■ Information:
• • •

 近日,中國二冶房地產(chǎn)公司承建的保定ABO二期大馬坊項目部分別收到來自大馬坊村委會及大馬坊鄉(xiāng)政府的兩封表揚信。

• • •

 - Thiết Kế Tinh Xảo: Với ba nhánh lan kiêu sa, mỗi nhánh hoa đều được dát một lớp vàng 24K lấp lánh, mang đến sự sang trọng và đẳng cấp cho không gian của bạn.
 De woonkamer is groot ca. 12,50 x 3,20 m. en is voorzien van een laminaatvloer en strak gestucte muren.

• • •

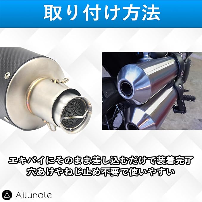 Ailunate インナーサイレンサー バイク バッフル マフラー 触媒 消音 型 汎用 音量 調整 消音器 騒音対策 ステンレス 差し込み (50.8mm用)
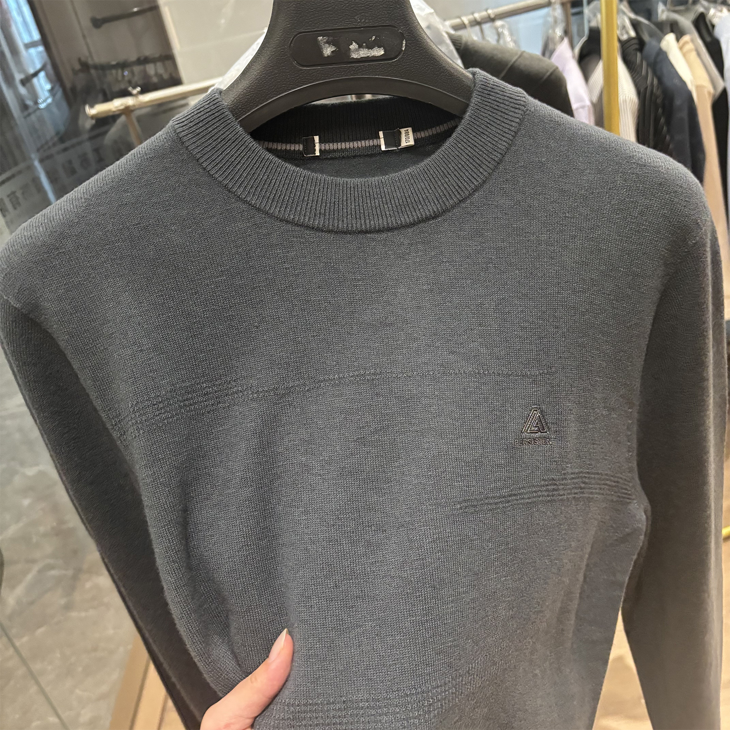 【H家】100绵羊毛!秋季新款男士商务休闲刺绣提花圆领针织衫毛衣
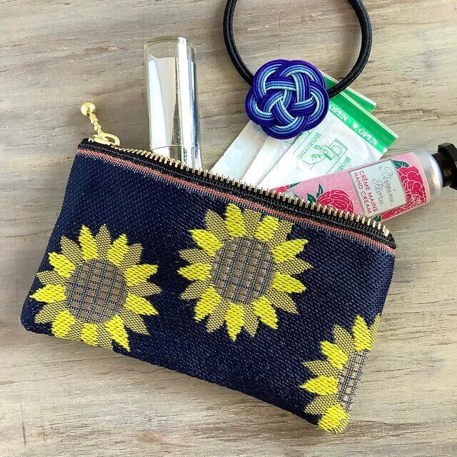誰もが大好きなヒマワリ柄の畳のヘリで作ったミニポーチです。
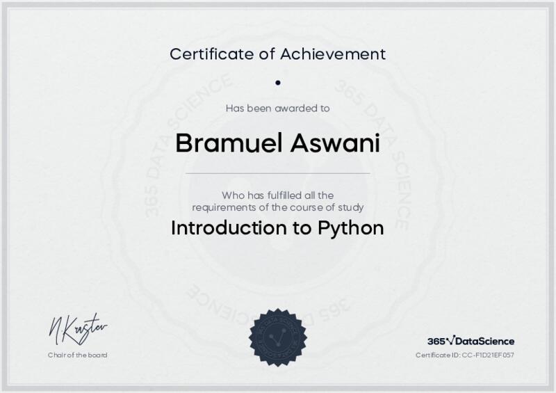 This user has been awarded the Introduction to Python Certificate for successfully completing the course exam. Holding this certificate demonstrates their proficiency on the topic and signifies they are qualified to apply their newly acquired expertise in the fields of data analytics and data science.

• • •

■ What the task asks:
Go through the material above and output exactly the lines from the one containing "- Thiết Kế Tinh" through the one containing "De woonkamer is".

■ Output for this task:
 - Thiết Kế Tinh Xảo: Với ba nhánh lan kiêu sa, mỗi nhánh hoa đều được dát một lớp vàng 24K lấp lánh, mang đến sự sang trọng và đẳng cấp cho không gian của bạn.
 De woonkamer is groot ca. 12,50 x 3,20 m. en is voorzien van een laminaatvloer en strak gestucte muren.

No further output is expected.